> _YOUR ASSIGNMENT_
Return, exactly as written, the lines of the material from its top through the line with "Image: Woman with", keeping pictures out.

> _INFORMATION SHOWN_
○ ○ ○

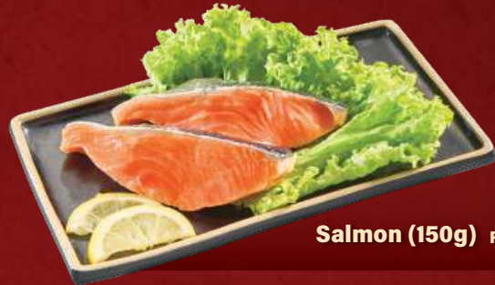
Salmon (150g) RM 18
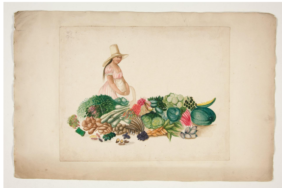
Image: Woman with Fruit and Cabbage on Plaza de Lima (ca. 1850), possibly by Pancho (Francisco) Fierro, Yale University Art Gallery

"White space" is a perceptual category that assumes a particular space to be predominantly white, one where black people are typically unexpected, marginalized when present, and made to feel unwelcome—a space that blacks perceive to be informally "off-limits" to people like them and where on occasion they encounter racialized disrespect and other forms of resistance. This course explores the challenge black people face when managing their lives in this white space.

○ ○ ○

> _RESPONSE TO THE EXERCISE_
Salmon (150g) RM 18
Image: Woman with Fruit and Cabbage on Plaza de Lima (ca. 1850), possibly by Pancho (Francisco) Fierro, Yale University Art Gallery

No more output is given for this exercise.